Question #2505

When a sovereign government issues debt it logically

Answer #12467

Answer: has no impact on the overall holdings of financial assets held by the non-government sector $-for-$.

Explanation

The answer is Option (b) has no impact on the overall holdings of assets held by the non-government sector $-for-$.

The answer to this question is complementary to the answer in Question 3.

The fundamental principles that arise in a fiat monetary system are as follows.

National governments have cash operating accounts with their central bank. The specific arrangements vary by country but the principle remains the same.

When the government spends it debits these accounts and credits various bank accounts within the commercial banking system.

Deposits thus show up in a number of commercial banks as a reflection of the spending.

It may issue a cheque and post it to someone in the private sector whereupon that person will deposit the cheque at their bank.

It is the same effect as if it had have all been done electronically.

All federal spending happens like this. You will note that:

All the commercial banks maintain reserve accounts with the central bank within their system.

These accounts permit reserves to be managed and allows the clearing system to operate smoothly.

The rules that operate on these accounts in different countries vary (that is, some nations have minimum reserves others do not etc).

For financial stability, these reserve accounts always have to have positive balances at the end of each day, although during the day a particular bank might be in surplus or deficit, depending on the pattern of the cash inflows and outflows.

There is no reason to assume that these flows will exactly offset themselves for any particular bank at any particular time.

The central bank conducts "operations" to manage the liquidity in the banking system such that short-term interest rates match the official target - which defines the current monetary policy stance.

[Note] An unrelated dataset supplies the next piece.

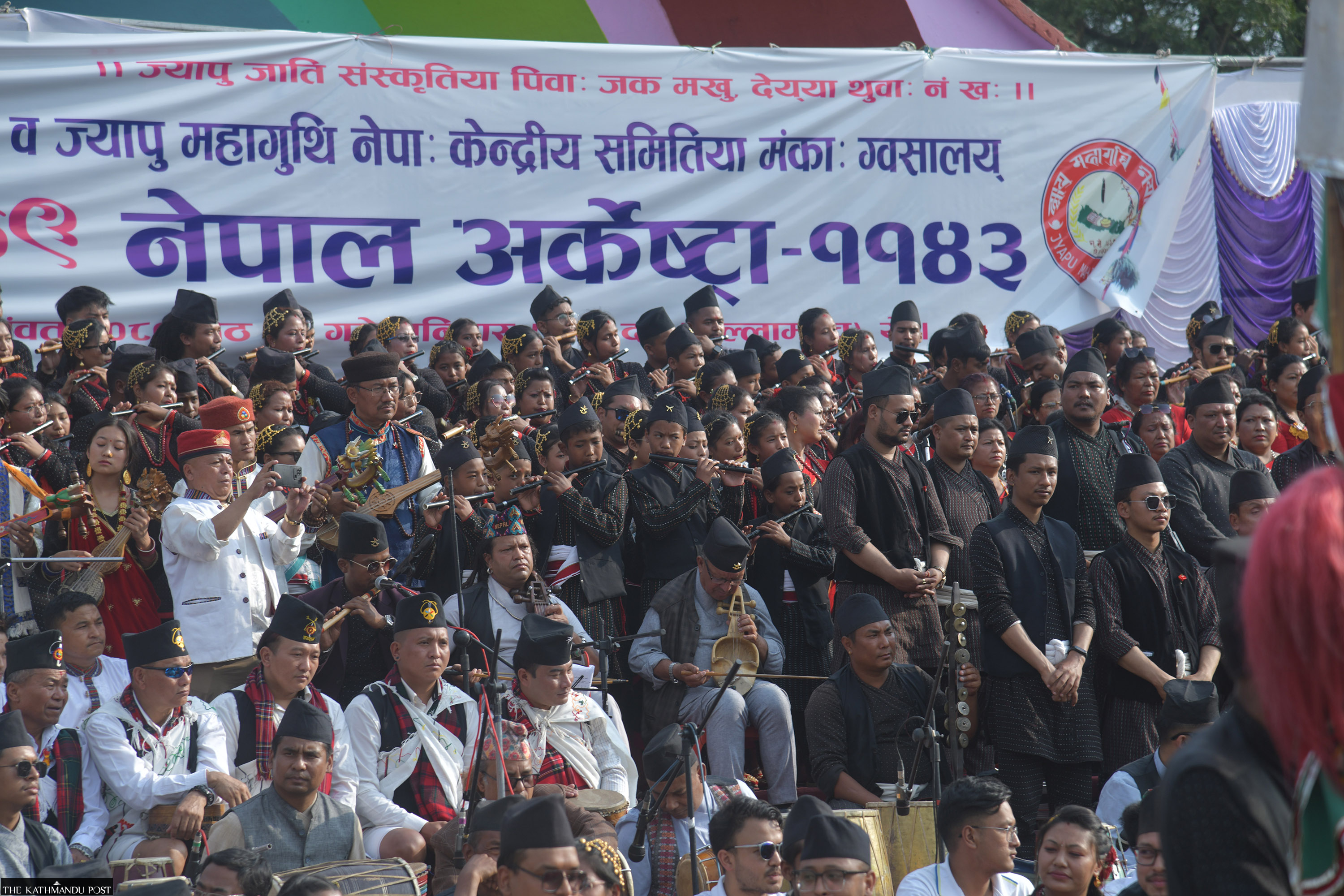 Participants of the Nepal Orchestra organised at Khula Manch in Kathmandu on Saturday. The event saw some 400 artists from various ethnic backgrounds. Deepak KC/TKP

The central bank may: (a) Intervene into the interbank (overnight) money market to manage the daily supply of and demand for reserve funds; (b) buy certain financial assets at discounted rates from commercial banks; and (c) impose penal lending rates on banks who require urgent funds.

In practice, most of the liquidity management is achieved through (a).

That being said, central bank operations function to offset operating factors in the system by altering the composition of reserves, cash, and securities, and do not alter net financial assets of the non-government sectors.

Fiscal policy impacts on bank reserves - government spending (G) adds to reserves and taxes (T) drains them. So on any particular day, if G > T (a fiscal deficit) then reserves are rising overall.

Any particular bank might be short of reserves but overall the sum of the bank reserves are in excess.

It is in the commercial banks interests to try to eliminate any unneeded reserves each night given they usually earn a non-competitive return.

Surplus banks will try to loan their excess reserves on the Interbank market.

Some deficit banks will clearly be interested in these loans to shore up their position and avoid going to the discount window that the central bank offeres and which is more expensive.

The upshot, however, is that the competition between the surplus banks to shed their excess reserves drives the short-term interest rate down.

These transactions net to zero (a equal liability and asset are created each time) and so non-government banking system cannot by itself (conducting horizontal transactions between commercial banks - that is, borrowing and lending on the interbank market) eliminate a system-wide excess of reserves that the fiscal deficit created.

What is needed is a vertical transaction - that is, an interaction between the government and non-government sector. So bond sales can drain reserves by offering the banks an attractive interest-bearing security (government debt) which it can purchase to eliminate its excess reserves.

However, the vertical transaction just offers portfolio choice for the non-government sector rather than changing the holding of financial assets.

Option (a) "increases the assets that are held by the non-government sector $-for-$" is thus incorrect.

Option (c) "reduces the capacity of the private sector to borrow from banks because they use their deposits to buy the bonds" is clearly not correct.

This is based on the erroneous belief that the banks need deposits and reserves before they can lend. Mainstream macroeconomics wrongly asserts that banks only lend if they have prior reserves.

The illusion is that a bank is an institution that accepts deposits to build up reserves and then on-lends them at a margin to make money.

The conceptualisation suggests that if it doesn't have adequate reserves then it cannot lend. So the presupposition is that by adding to bank reserves, quantitative easing will help lending.

But this is a completely incorrect depiction of how banks operate.

Bank lending is not "reserve constrained".

Banks lend to any credit worthy customer they can find and then worry about their reserve positions afterwards.

If they are short of reserves (their reserve accounts have to be in positive balance each day and in some countries central banks require certain ratios to be maintained) then they borrow from each other in the interbank market or, ultimately, they will borrow from the central bank through the so-called discount window.

They are reluctant to use the latter facility because it carries a penalty (higher interest cost).

The point is that building bank reserves will not increase the bank's capacity to lend. Loans create deposits which generate reserves.